— Сейчас мы тебя еще расфуфырим, их-хи-хи!..
Она ставила отобранные фигурки на широкую, испачканную красками доску, перекинутую с табурета на опоясанный жестяными лентами сундук. На сундуке же, на заляпанной красками фанерке расположила подаренные Алексеем еще два года назад четыре сильно обтертые кисти и семь баночек с красками; семь потому, что черной было две: сажа на цельном яйце и сажа на одном желтке — эта по-особому блестела, когда высыхала.
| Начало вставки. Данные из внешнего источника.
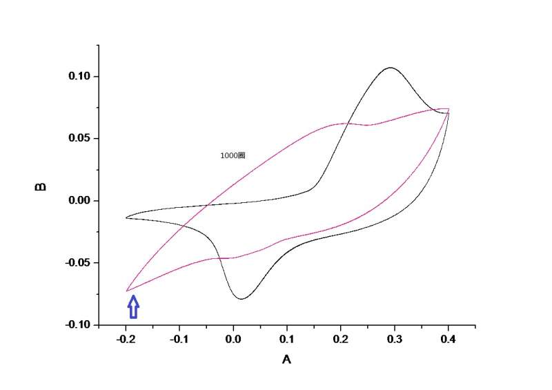求助,为什么我的cv曲线在几百圈后,转变成图中红色的曲线模样了,而且还循环挺稳定,这怎么解释啊?为什么会逐渐出现-0.2v的峰,还有在1000圈循环之后测试的阻抗曲线,高频区出现了两个圆弧是怎么回事? tansuanmeng 79 - 副本.jpg |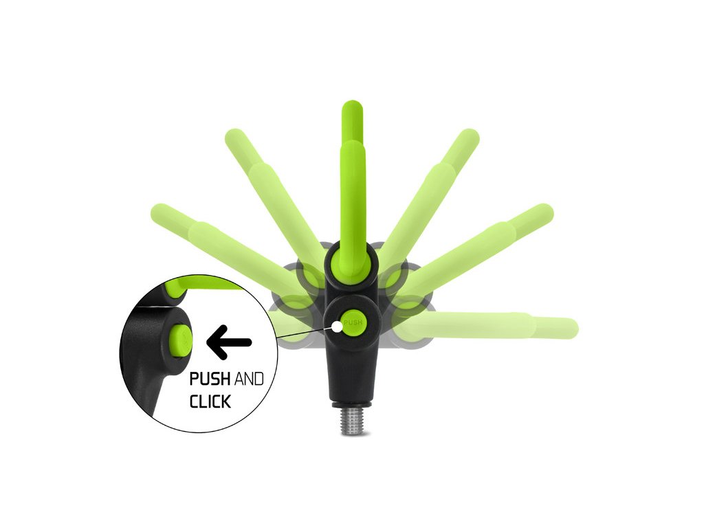 Tvar držáku umožní udržet prut ve vidličkách i při silném záběru. Díky důmyslnému systému tlačítka ve spodní části, lze tento držák polohovat a následně polohu zajistit. Šířka ramen je 17cm. Držák je osazen univerzálním závitem a je kompatibilní s většinou vidliček a stojanů dostupných na trhu. Barevná zeleno-černá kombinace dokonale doplňuje feederovou řadu REAXE.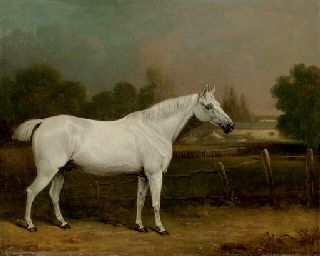 A Grey Hunter in a Landscape and a Farmhouse beyond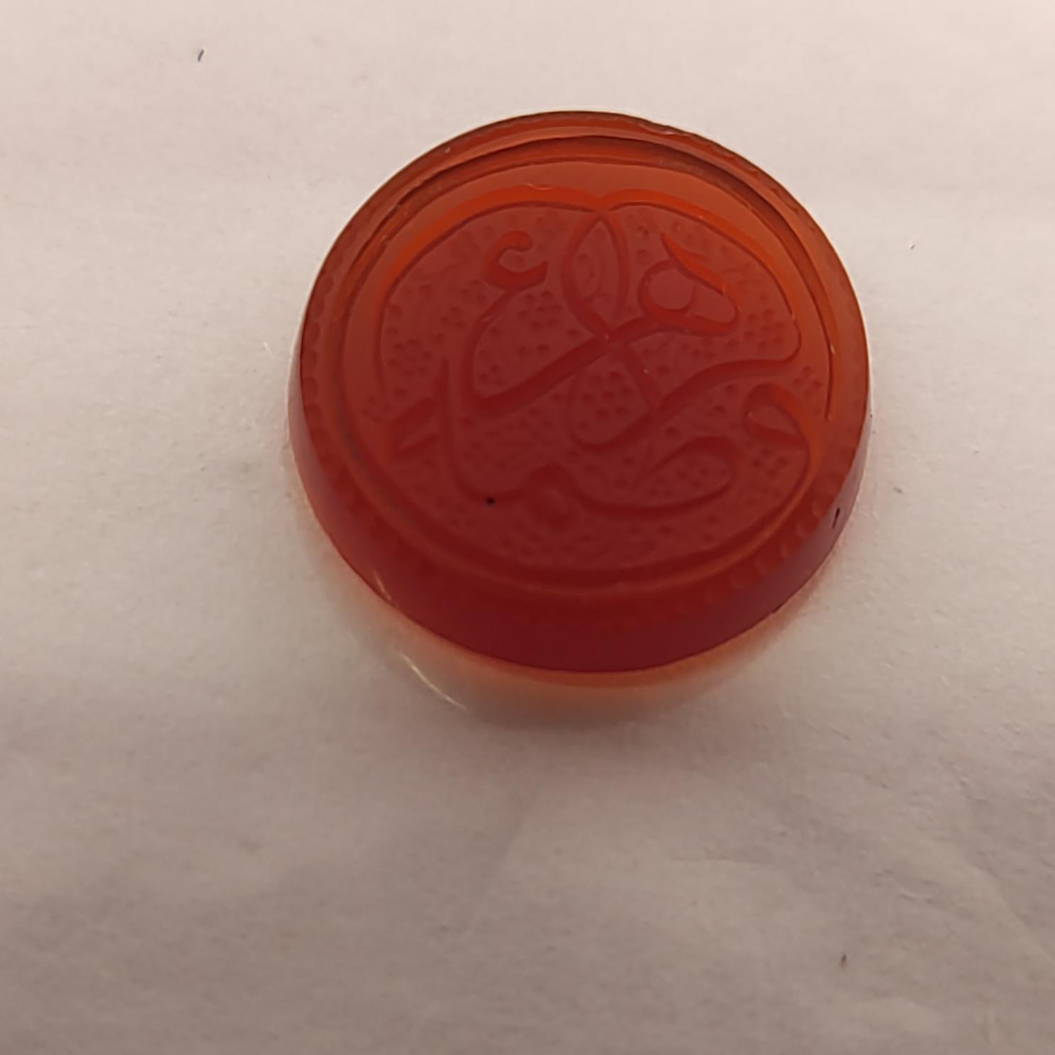 نگین عقیق سرخ تراش گرد حکاکی یا فاطمه زهرا

— Ну будет! Тридцать разных — чего им больше-то.
Четыре из этих тридцати Алексей раньше у нее не видел: безбородого гармониста на скамеечке, которого слушала примостившаяся у его ног собачка, амазонку, бабу у колодца и охотника с ружьем и тоже с собачкой.
Афанасьевна развела фуксин до светло-розового и спросила гармониста:
— Тебе такая рубашечка приглянется?
И молниеносно выкрасила его рубашечку этим цветом, и тот полыхнул на сметанно-белом фоне с такой силой, точно это была не краска, а прозрачный огонь невиданного розового отлива. И нос собачонке ляпнула им же и он тоже загорелся.
Через какие-то считанные минуты розовым фуксином понемножку были тронуты все тридцать фигурок — где кружочки, где клетки, где полосы. Только юбку у форсистой девицы тоже целиком залила. В избе же от этих брызг и пятнышек словно светлее стало. Потом Афанасьевна так же прошла все желтым кроном — этого не жалела и не разводила. И синего очень много пустила. И алого. И все эти цвета на сметанно-белом меловом фоне тоже вспыхивали и горели с неистовой яркостью, а сочетания их были такими контрастными, что, казалось, будто краски кричат, поют, позванивают, пересмеиваются, перекликаются со своей веселой, стремительной и неумолкающей хозяйкой. Расцвечиваясь, они точно обретали душу, эти маленькие глиняные существа. Всадник на коне, например, сидел статный и торжественный. И конь с дугообразными толстыми ногами был могуч и торжествен. Они, всадник и конь, слились в единый монолит, как и должен сливаться с конем настоящий наездник, отправившийся, конечно же, на праздник, так как куда же еще едут в желтом кафтане и высоком черном картузе, с румянцем во все щеки да на коне в черных и оранжевых яблоках… А старорежимный офицерик получил темно-синие штаны, кирпичного цвета мундир и красные эполеты. Спереди на него посмотришь — ничего особенного: талия узкая, руки в карманах, ноги врозь. А в профиль повернешь — грудишка впалая, головка, как огурец, длинная, одни только ноги здоровенные и есть, да растопыренный книзу мундир — типичный офицер-хиляк, которых в конце империалистической развелось видимо-невидимо… А рядом — мещаночка-горожаночка. Вся налитая, на крепких, широко расставленных ножках с мощным задом, плотно посаженной головой в меховой шапочке, руки в муфте; вся бело-желто-синенькая с яркими розовыми горохами по подолу. Кровь с молоком
«Вятская», — с удовольствием подумал Алексей и засмеялся.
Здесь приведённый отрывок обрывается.